Who happens to have the results of this issues amp shootout? Specifically, I'm interested in the PA700 results.

Thanks.


----------



## rmenergy (Feb 15, 2009)

Nobody has this issue? 

Does anyone have a 95-98 CA&E Directory? Curious about an amplifier listed in there. Unfortunately I got rid of all my old audio magazines back in '07 so need to ask on here.


----------



## metanium (Feb 2, 2007)

You might try to contact Euphonic on caraudiojunkies.com.
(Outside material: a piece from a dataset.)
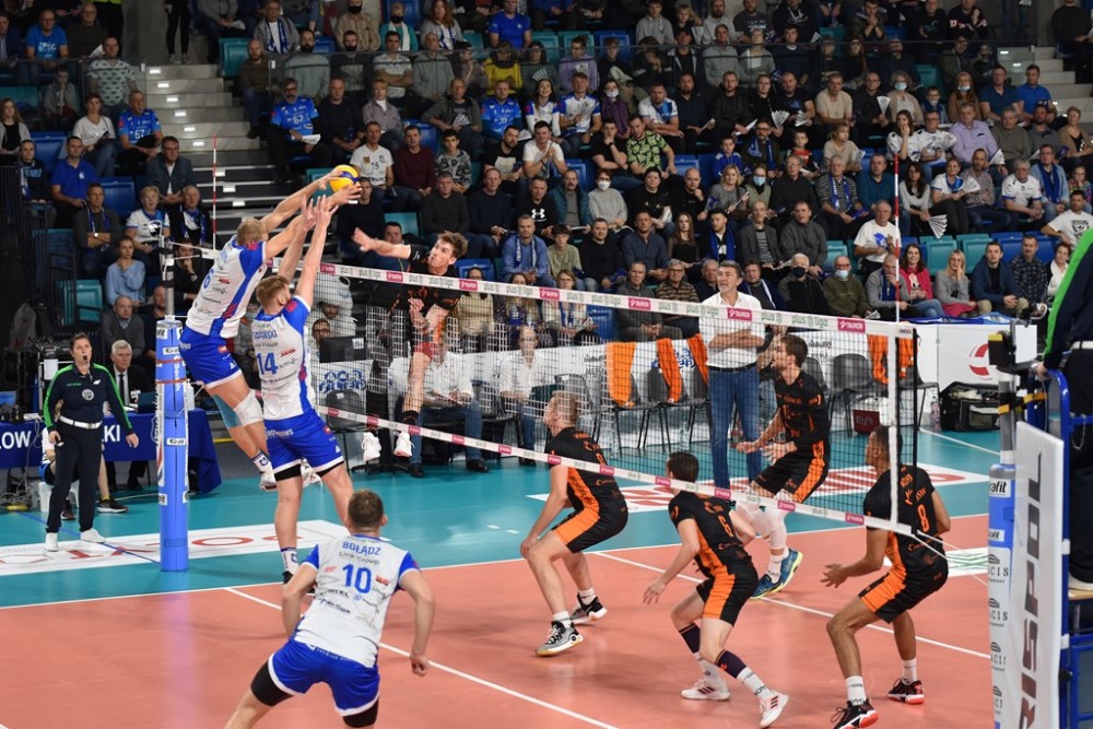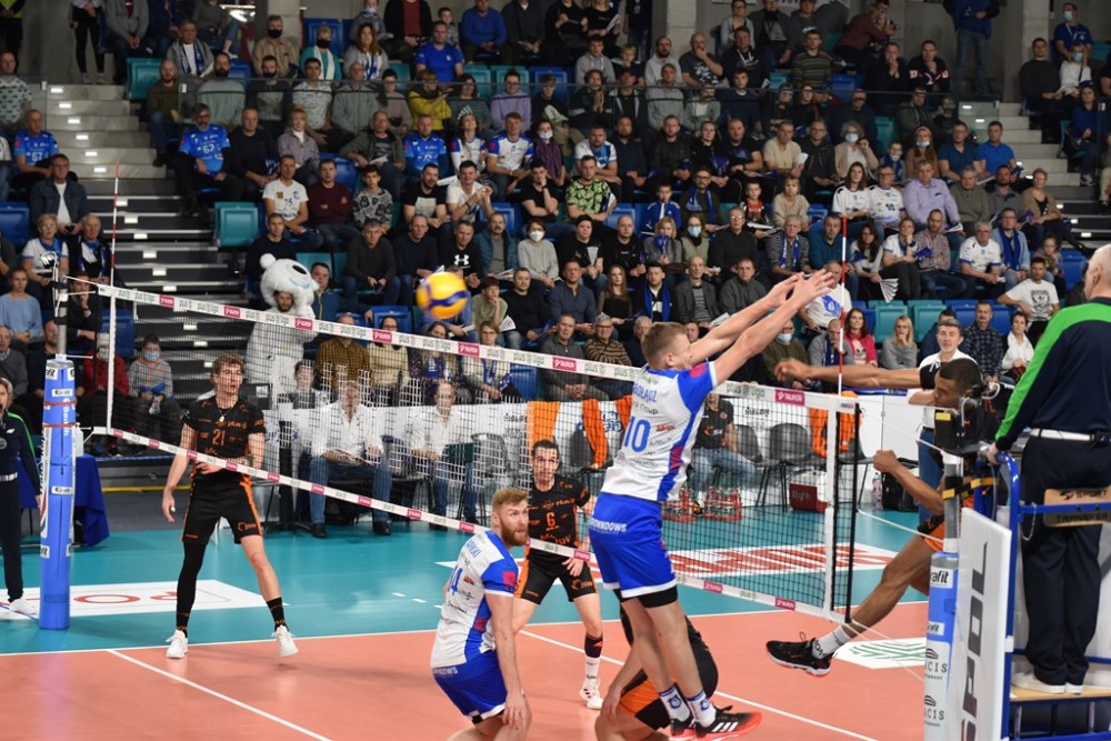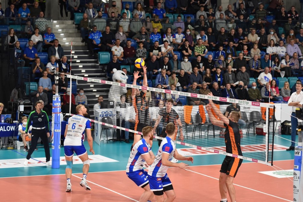 Biało-Niebiescy, wśród których w końcówce na chwile pokazywali się Kevin Klinkenberg, Łukasz Rudzewicz i Jakub Ziobrowski, podgonili jeszcze na 19:21 i 21:23, ale zaraz goście mieli setbola. Wykorzystał go reprezentał Polski Tomasz Fornal, który w akcji jeden na jednego pokonał Bartłomieja Bołądzia. Pierwszy, najbardziej zacięty set zakończył się rezultatem 22:25.

He post the installations articles and has this one from that issue:
Rodney Fouch - 1989 Pontiac Grand Prix - 1992 CA&E


----------



## rmenergy (Feb 15, 2009)

metanium said:


> You might try to contact Euphonic on caraudiojunkies.com.
> 
> He post the installations articles and has this one from that issue:
> Rodney Fouch - 1989 Pontiac Grand Prix - 1992 CA&E


Perfect! Thank you.


----------



## dcfis (Sep 9, 2016)

Weird that article goes on and on about the Alpine midbass and they are clearly dynaudio


----------



## metanium (Feb 2, 2007)

dcfis said:


> Weird that article goes on and on about the Alpine midbass and they are clearly dynaudio


I think they’re Alpines that we’re made by Dynaudio. Not unlike the Alpine F1 tweeters that were made by Scan-Speak.


----------



## metanium (Feb 2, 2007)

Here's the amp shootout from Oct '92:

Car Audio & Electronics - Test Report: 7 Versatile Amplifiers October 1992


----------



## PPI_GUY (Dec 20, 2007)

Was that Earthquake PA-2075 one of the Hifonics/Zed copies? I know there was a dustup at the time over Earthquake supposedly having the Hifonics amps (Zed made) reverse engineered in Korea or China. 
Those US Amps and Rodeks though. Very solid amps at that time. 
Hafler with surprising efficiency for the day too.


----------



## rmenergy (Feb 15, 2009)

metanium said:


> Here's the amp shootout from Oct '92:
> 
> Car Audio & Electronics - Test Report: 7 Versatile Amplifiers October 1992


Perfect!!! Thank You!!!


----------